X11 can do lots of things, but only once you make it move away from these "old-school" ways and explode the complexity.
display engine framebuffer compression: First I'd ask myself why I'd want to address only single windows with that and not go for the worst case scenario of whole screen content updates every frame. → going for that case have the whole screen shared framebuffer go into the compression. Also – as I was so rightfully scolded for some 16 years ago by DarkShikari – don't even bother with explicit damage regions. Doesn't matter if you compare pixels to pixels or clip.
@datenwolf @newbyte @mirabilos @jzb Well, maybe because the compressed buffer is produced by the GPU and the display engine knows how to decompress it on the fly while it's fully opaque to the CPU?
If the shared framebuffer is wholly contained on the GPU side (and lets face it, that's the only configuration in which you're hitting the display engine), then every access by the CPU will incur a DMA transfer anyway. Which means that you're going through the hardware responsible for layout transition (and oh, that's where de-/compression happens). You can make this transparent to the CPU.
Or you know, you could just have compressed format CPU side, too.
@datenwolf @newbyte @mirabilos @jzb > (and lets face it, that's the only configuration in which you're hitting the display engine)
Far from it! I have some hardware next to me that won't be able to smoothly output 4K video if it goes through the GPU (and not even speaking about CPU), and yet can do it. Display pipelines in modern SoCs are a bit more complex than in 1990s.
BTW: I want to see just one general purpose Wayland compositor that's aware of these things, also then also a general purpose GUI toolkit that makes use of these hardware features.
If your concern is with low-latency, high-framerate applications (such as games), then you're better off using one of the direct-to-display APIs anyway. For any graphical overlay inject those into the graphics stack. You know, how you can do with Vulkan and explicit layers.
@datenwolf @newbyte @mirabilos @jzb Well, these things Just Work™ in several commonly used Wayland compositors and toolkits out there today.
@newbyte @mirabilos @jzb @dos which ones? Link please.
@datenwolf @newbyte @mirabilos @jzb Pretty much all of them these days, as this is handled by dmabuf feedbacks and buffer modifiers, so it works even with split render/display pipelines or with multiple GPUs.

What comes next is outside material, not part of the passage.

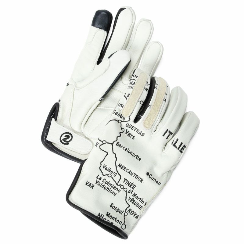 グローブの左右に、縦に連なるアルプス山脈の地図が刺繍されており、指先にはバイザーやゴーグルを拭くのに使用可能なレザーが両手の人差し指と中指にレイアウトされています。しなやかな素材感で、裏地がついていないため、使い始めから馴染むような感覚が得られるかと思います。

Offload surfaces to hardware planes with saving of memory regions beneath.
This is a little ambiguous to me, and there are at least 3 different ways how I can understand it. Please clarify.
@datenwolf @newbyte @mirabilos @jzb Modern display engines provide some in-hardware composition abilities. You're explicitly not interested in window composition, fine, but applications want to draw over buffers that are opaque to them, such as video content, which can then go straight from the VPU to the display engine without CPU or GPU involvement.
That's well-supported today with Wayland and necessary for reasonable performance on some hardware out there.
@newbyte @mirabilos @jzb @dos can you link me some code? Genuinely interested.
@datenwolf @newbyte @mirabilos @jzb That's just one implementation, at least KWin and Mutter have their own ones: https://gitlab.freedesktop.org/emersion/libliftoff
GTK has GtkGraphicsOffload which is used by several apps out there - and that's just from the top of my head.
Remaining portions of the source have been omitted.